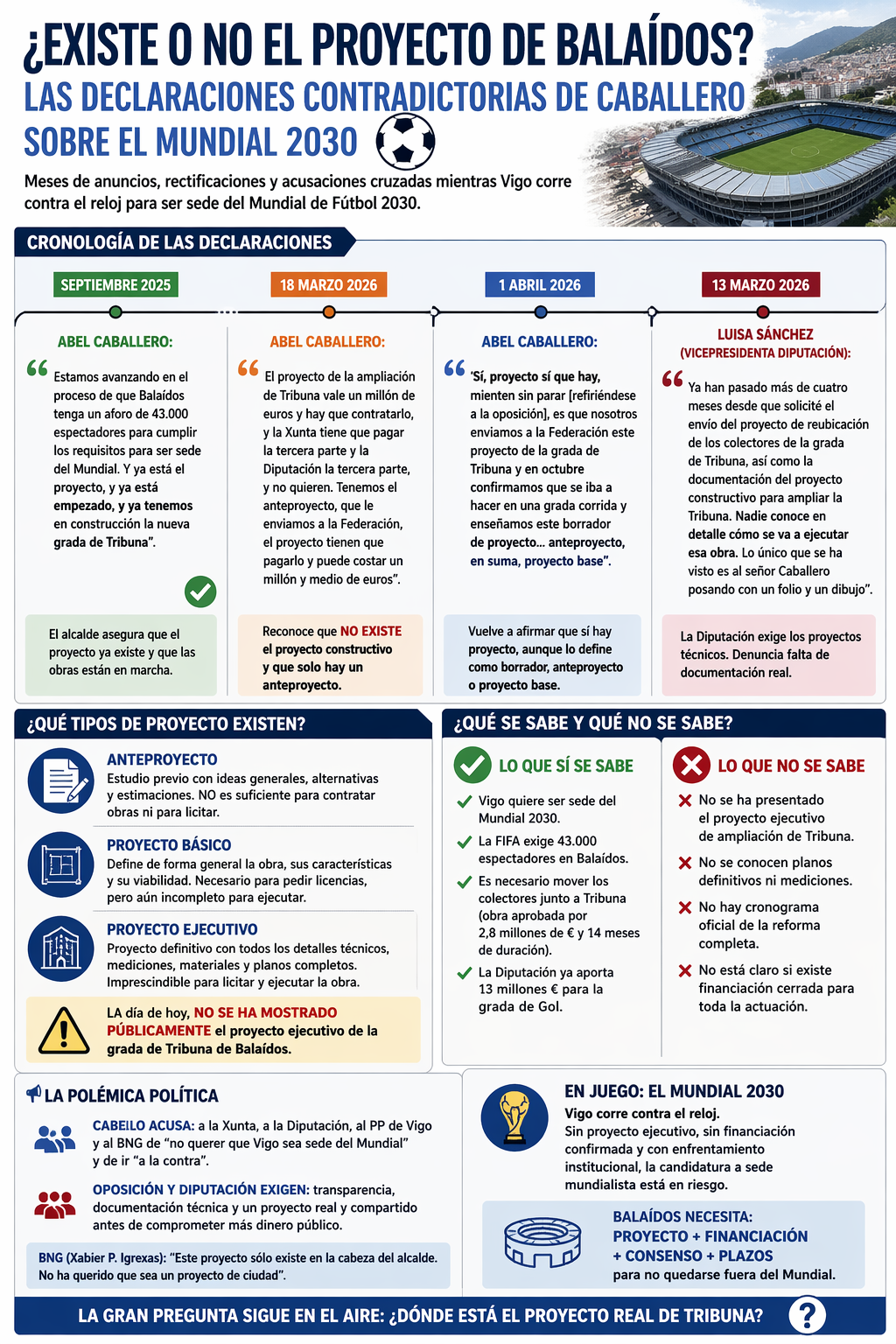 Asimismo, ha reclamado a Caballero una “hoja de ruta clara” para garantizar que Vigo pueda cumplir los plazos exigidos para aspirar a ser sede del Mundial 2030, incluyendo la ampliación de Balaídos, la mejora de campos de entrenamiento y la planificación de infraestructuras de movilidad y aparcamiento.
...
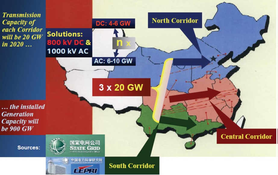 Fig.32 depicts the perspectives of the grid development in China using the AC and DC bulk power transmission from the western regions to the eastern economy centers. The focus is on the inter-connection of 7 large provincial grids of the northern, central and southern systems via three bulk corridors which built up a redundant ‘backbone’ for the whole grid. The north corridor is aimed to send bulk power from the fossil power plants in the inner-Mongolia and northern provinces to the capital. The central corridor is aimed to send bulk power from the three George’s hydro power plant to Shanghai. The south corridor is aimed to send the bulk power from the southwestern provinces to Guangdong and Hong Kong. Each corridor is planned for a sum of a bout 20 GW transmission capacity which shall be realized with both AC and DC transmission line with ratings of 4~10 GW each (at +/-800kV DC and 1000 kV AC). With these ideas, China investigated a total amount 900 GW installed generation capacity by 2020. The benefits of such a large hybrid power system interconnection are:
==
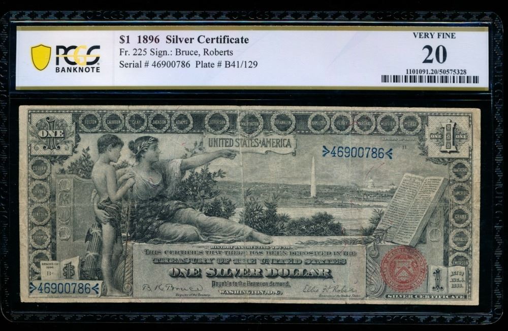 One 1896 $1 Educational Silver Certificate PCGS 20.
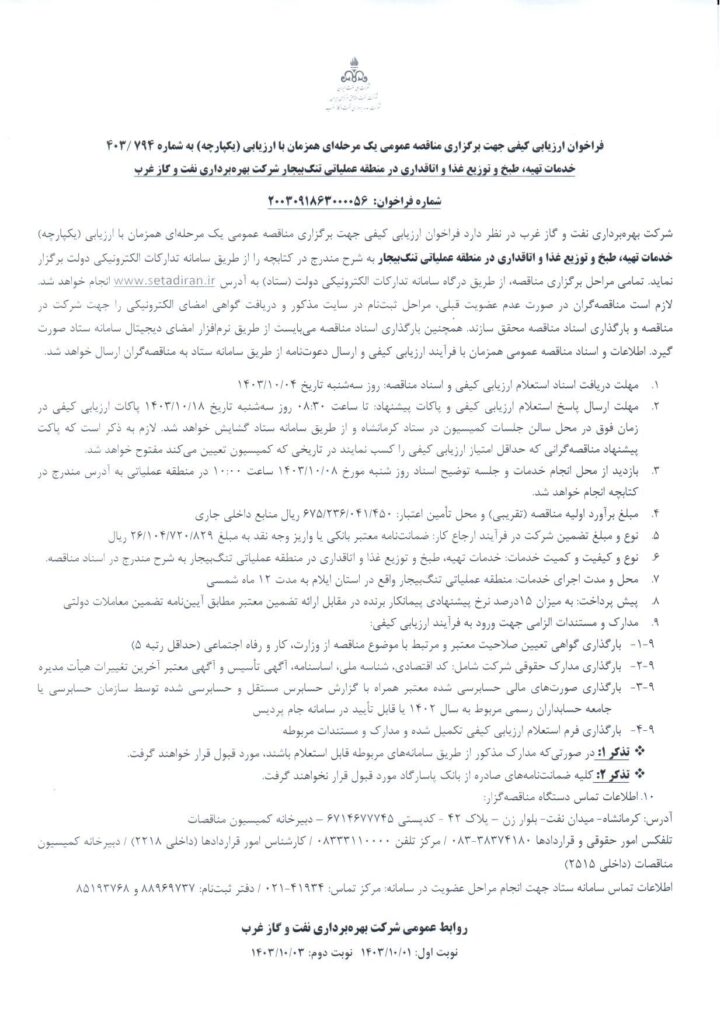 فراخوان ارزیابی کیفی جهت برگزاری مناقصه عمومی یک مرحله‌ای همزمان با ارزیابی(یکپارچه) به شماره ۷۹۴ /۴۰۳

## What is expected
Going by the data above, the answer is exactly the lines from the one holding "One 1896 $1" to the one holding "فراخوان ارزیابی کیفی", both kept, with the pictures left out.

## Result below
 One 1896 $1 Educational Silver Certificate PCGS 20.
 فراخوان ارزیابی کیفی جهت برگزاری مناقصه عمومی یک مرحله‌ای همزمان با ارزیابی(یکپارچه) به شماره ۷۹۴ /۴۰۳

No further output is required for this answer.